═════ Excerpted data

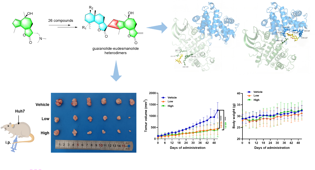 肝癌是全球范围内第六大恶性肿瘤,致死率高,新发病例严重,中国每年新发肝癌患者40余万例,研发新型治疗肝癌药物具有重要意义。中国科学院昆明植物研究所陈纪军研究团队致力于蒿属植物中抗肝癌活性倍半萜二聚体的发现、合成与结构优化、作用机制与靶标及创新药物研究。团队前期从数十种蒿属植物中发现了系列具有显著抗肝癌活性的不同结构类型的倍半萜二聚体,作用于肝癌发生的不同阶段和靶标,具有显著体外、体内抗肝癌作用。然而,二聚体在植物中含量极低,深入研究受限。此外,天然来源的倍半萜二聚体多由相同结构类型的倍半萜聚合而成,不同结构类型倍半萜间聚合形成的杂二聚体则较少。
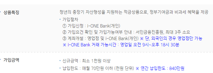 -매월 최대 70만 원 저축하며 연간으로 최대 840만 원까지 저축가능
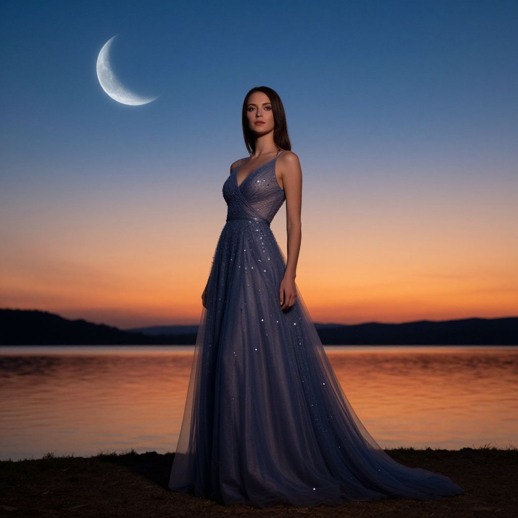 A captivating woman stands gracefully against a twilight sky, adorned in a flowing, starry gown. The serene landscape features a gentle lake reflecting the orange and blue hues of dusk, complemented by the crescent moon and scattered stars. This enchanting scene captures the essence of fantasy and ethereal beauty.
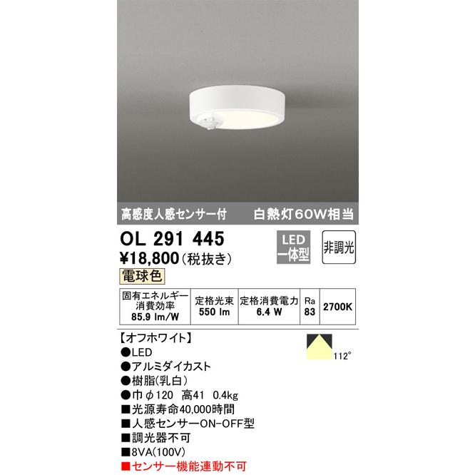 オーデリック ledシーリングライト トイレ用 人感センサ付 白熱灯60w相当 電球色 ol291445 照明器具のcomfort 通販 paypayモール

══════════
═════ Excerpted data

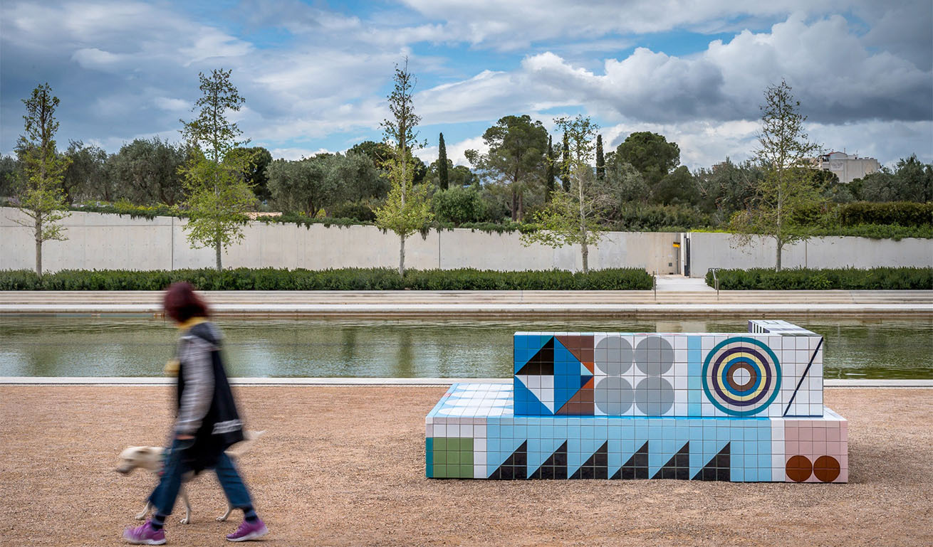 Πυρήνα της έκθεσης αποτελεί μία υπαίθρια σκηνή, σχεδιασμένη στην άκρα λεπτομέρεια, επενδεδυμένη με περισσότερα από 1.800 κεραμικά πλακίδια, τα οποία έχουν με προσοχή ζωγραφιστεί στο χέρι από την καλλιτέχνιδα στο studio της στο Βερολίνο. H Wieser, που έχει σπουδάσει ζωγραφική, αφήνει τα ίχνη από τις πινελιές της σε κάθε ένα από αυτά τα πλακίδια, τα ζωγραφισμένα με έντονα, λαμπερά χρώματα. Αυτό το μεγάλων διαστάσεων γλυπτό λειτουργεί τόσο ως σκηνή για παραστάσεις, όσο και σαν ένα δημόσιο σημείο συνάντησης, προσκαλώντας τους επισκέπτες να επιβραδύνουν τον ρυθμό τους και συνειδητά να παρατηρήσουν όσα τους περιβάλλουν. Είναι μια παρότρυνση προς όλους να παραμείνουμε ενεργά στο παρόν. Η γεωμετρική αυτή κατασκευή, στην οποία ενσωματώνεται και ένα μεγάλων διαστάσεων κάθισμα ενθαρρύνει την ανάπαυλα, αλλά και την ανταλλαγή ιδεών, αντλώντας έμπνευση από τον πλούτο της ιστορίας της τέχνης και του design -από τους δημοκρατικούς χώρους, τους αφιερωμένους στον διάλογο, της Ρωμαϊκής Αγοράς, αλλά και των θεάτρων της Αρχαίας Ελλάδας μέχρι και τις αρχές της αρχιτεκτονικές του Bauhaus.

══════════

Please copy the lines above exactly, starting at the line that holds "肝癌是全球范围内第六大恶性肿" and ending at the line that holds "オーデリック ledシーリングライト トイレ用"; include both, but no pictures.

 肝癌是全球范围内第六大恶性肿瘤,致死率高,新发病例严重,中国每年新发肝癌患者40余万例,研发新型治疗肝癌药物具有重要意义。中国科学院昆明植物研究所陈纪军研究团队致力于蒿属植物中抗肝癌活性倍半萜二聚体的发现、合成与结构优化、作用机制与靶标及创新药物研究。团队前期从数十种蒿属植物中发现了系列具有显著抗肝癌活性的不同结构类型的倍半萜二聚体,作用于肝癌发生的不同阶段和靶标,具有显著体外、体内抗肝癌作用。然而,二聚体在植物中含量极低,深入研究受限。此外,天然来源的倍半萜二聚体多由相同结构类型的倍半萜聚合而成,不同结构类型倍半萜间聚合形成的杂二聚体则较少。
 -매월 최대 70만 원 저축하며 연간으로 최대 840만 원까지 저축가능
 A captivating woman stands gracefully against a twilight sky, adorned in a flowing, starry gown. The serene landscape features a gentle lake reflecting the orange and blue hues of dusk, complemented by the crescent moon and scattered stars. This enchanting scene captures the essence of fantasy and ethereal beauty.
 オーデリック ledシーリングライト トイレ用 人感センサ付 白熱灯60w相当 電球色 ol291445 照明器具のcomfort 通販 paypayモール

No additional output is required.